Saturday, October 3, 2009

Homesickness


"The ache for home lives in all of us, the safe place where we can go as we are and not be questioned." Maya Angelou
I've always felt this agonizing ache inside me - an inner cry - I want to go home. I felt it - always there - intense - overpowering - a deep gut wrenching yearning - gnawing inside - I want to go home. I just want to go home. 

But I had no home. I had no family to go to. I was alone. On the streets. My mother dead - my older sister gone - left the city - left me alone. Just him. My father - raging - using me as a scapegoat for all his hurts and frustrations. After one vicious beating - I ran......
 I want to go home! I just want to go home!
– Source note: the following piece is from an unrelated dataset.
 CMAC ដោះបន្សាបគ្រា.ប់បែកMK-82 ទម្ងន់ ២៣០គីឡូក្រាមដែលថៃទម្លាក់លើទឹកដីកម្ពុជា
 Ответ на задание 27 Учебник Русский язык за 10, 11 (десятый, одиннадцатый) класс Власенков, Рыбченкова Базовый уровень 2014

I tried to dull its pain by being stoned - shooting dope - three, sometimes four times a day - throwing up - cutting myself. But even then - I still felt its tug - that emptiness - that aloneness - that nobody cared if I lived - or was hurt - or safe - or scared. 
Homesickness - that awful ache in my gut constantly reminding me I was completely alone. - Leaving me feeling lost - afraid - Telling me I was worthless - insignificant -  my existance meaningless. 
     I want to go home!   
It pushed me to live wild, on the edge, out of control - indifferent - not caring - daring life and God to kill me. 


This past summer we moved to a new place on the lakeshore in a beautiful community  - friendly neighbours - great surroundings - tons of wildlife. It's a long way from the streets, from not having any money or material things, from the fear of being stalked by sick crazy predators - and dancing around controlling professionals who all believed they had the answers for my life - medications, low income housing, welfare, pysch hospitals, ongoing lifetime therapy........
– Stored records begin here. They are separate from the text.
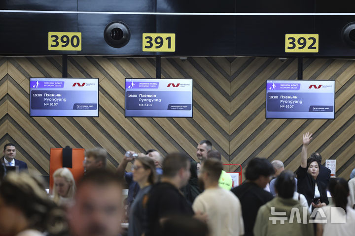 [모스크바=AP/뉴시스] 러시아가 모스크바-평양 직항 여객기 운항을 시작한 가운데 27일(현지 시간) 모스크바 외곽 셰레메티예보 국제공항에서 북한 평양행 첫 항공편 승객들이 탑승 수속을 하고 있다. 2025.07.28.
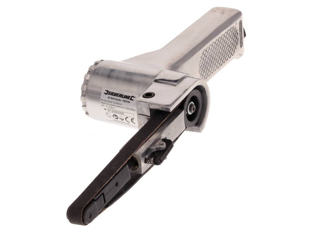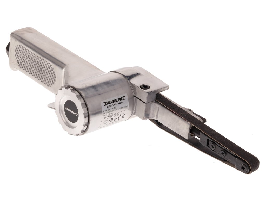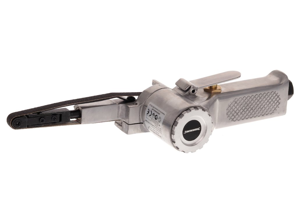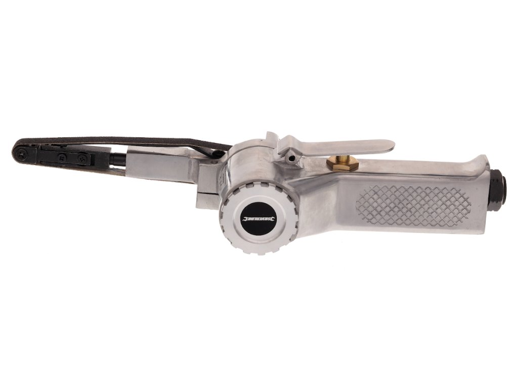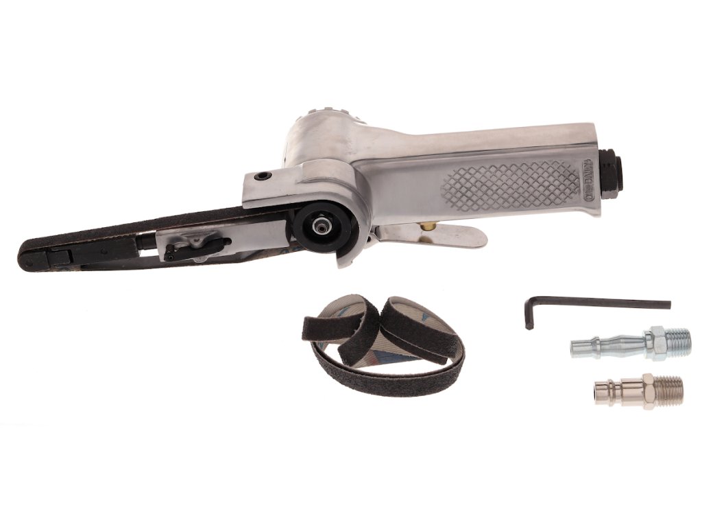 Sökóldalú, léghajtású szalagcsiszoló 360°-ban állítható övkarral. Automatikus feszítőkar a könnyű telepítéshez és az öv beállításához. Szalagcsiszolo sebesség 995 m/perc, maximális üzemi sebesség 16 000 ford/perc. Csiszolószalag mérete: 10 × 330 mm. Maximális üzemi nyomás: 6,3 bar (90 psi). Levegőfogyasztás 4 cfm. Tartalmazza az Egyesült Királyság és EU légcsatlakozóit
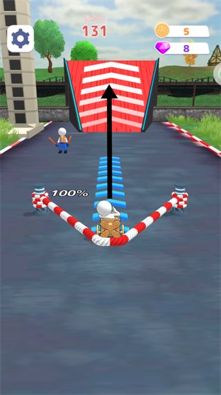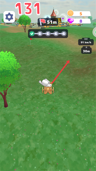 2、進入游戲后,借助彈射裝置將角色彈射,此時可查看界面顯示的【最好的-131】及進度信息。
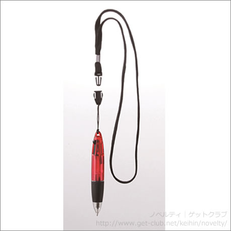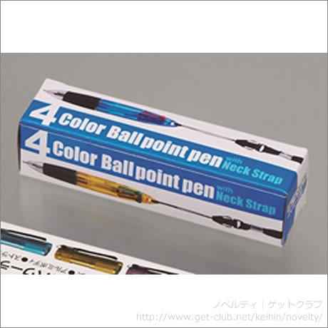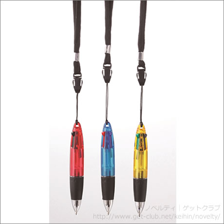 ミニ4色ボールペンに、ネックストラップが付きました。
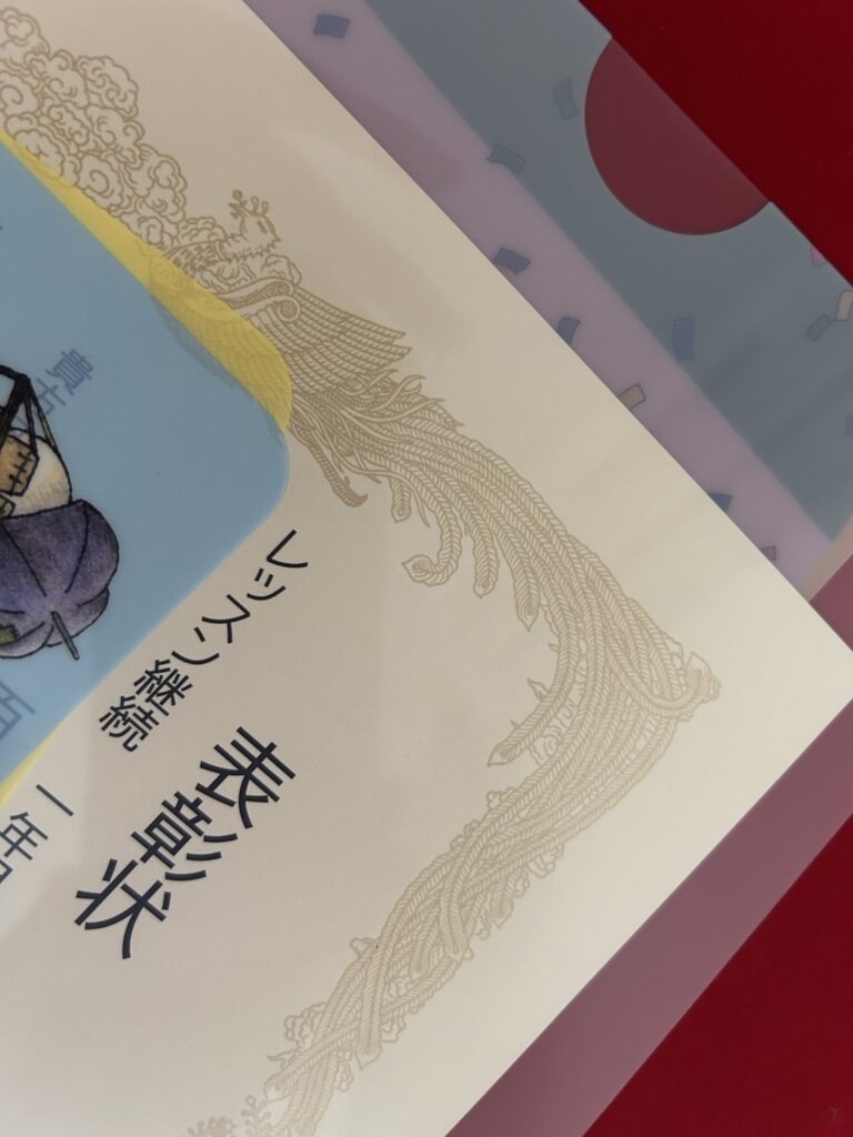 写真の可愛い「だいすきドレミ」のイラストのクリアファイル中には、その表彰状が入っています。

Somehow God cut through when nothing else could. He touched me - broke the chains - gave me a sense of FINALLY coming home.  
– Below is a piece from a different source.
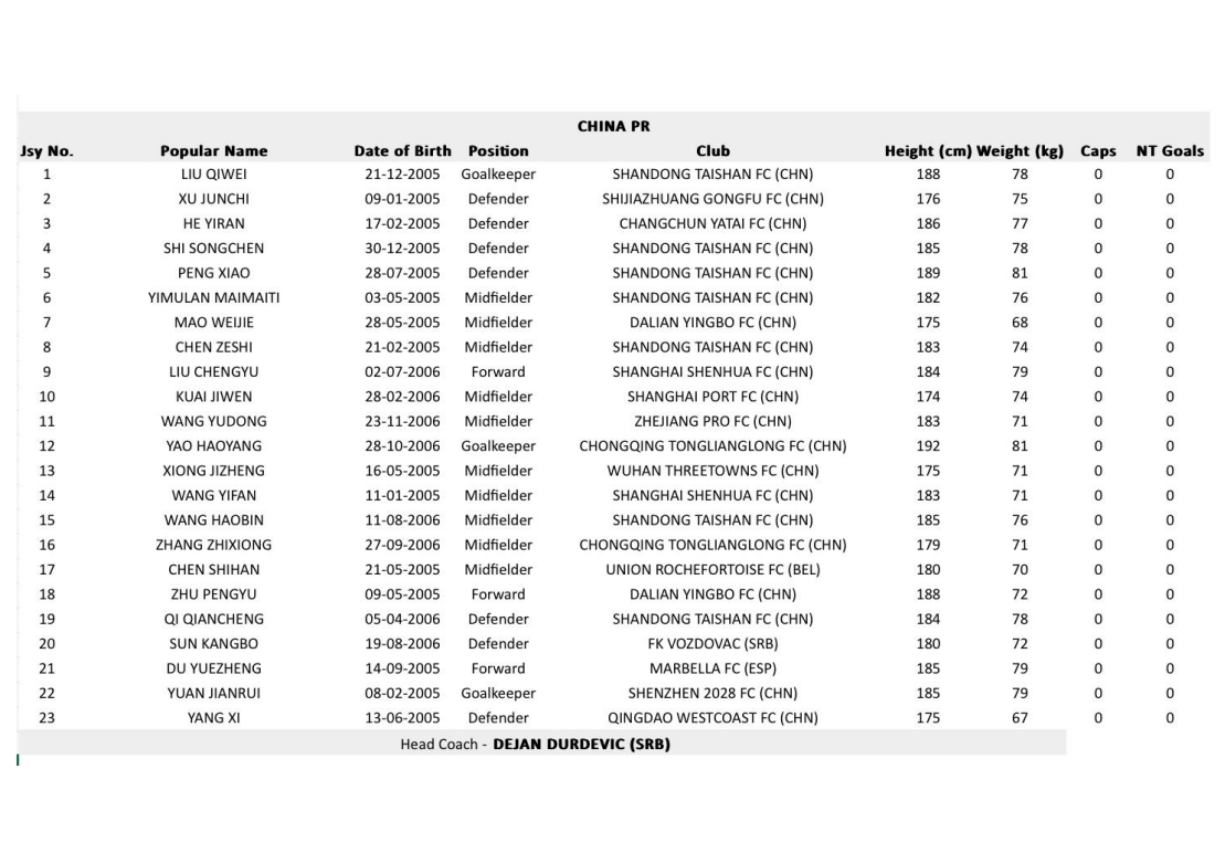 中場:6-依木蘭-買買提(山東泰山)、7-毛偉杰(大連英博)、8-陳澤仕(山東泰山)、10-蒯紀(jì)聞(上海海港)、11-王鈺棟(浙江)、13-熊繼政(武漢三鎮(zhèn))、14-王一凡(上海申花)、15-王昊斌(山東泰山)、16-張志雄(重慶銅梁龍)、17-陳仕晗(羅什福爾聯(lián)合)

I'm not sure how He did it - but I do know - I'm home.  I feel it. That throbbing ache inside - gone. I'm not running alone anymore. I'm not afraid. And I'm with people - who love me - really love me - who care......


     I don't ever want to get so comfortable that I forget what it feels like to be homesick on the inside. I don't ever want to forget - I want my hand to always be extended - to reach out and help someone else find their way home.  

22 comments:

Amy DeTrempe said...

I am so glad you found "home". more importantly, I am so glad God is with you in that home and you have fould a peaceful place to be.

Denise said...

God is your home sweetie, you will forever have a home with Him.

Elizabeth Mahlou said...

I think it is very typical for abused children who are now adults to want to go home. I fantasize about that at times. The problem is, as you say, there is no home. What we want is not to go home; we want to have had a home. Realistically speaking, though, that cannot happen. So, it is pretty wonderful that God makes a home for us, instead. A loving one.

Andrea said...

Oh, Sara...I praise GOD with you for giving you the peace that passes all understanding. Yes, never to forget the longing of home....so that we might be usable vessels for our Heavenly Father.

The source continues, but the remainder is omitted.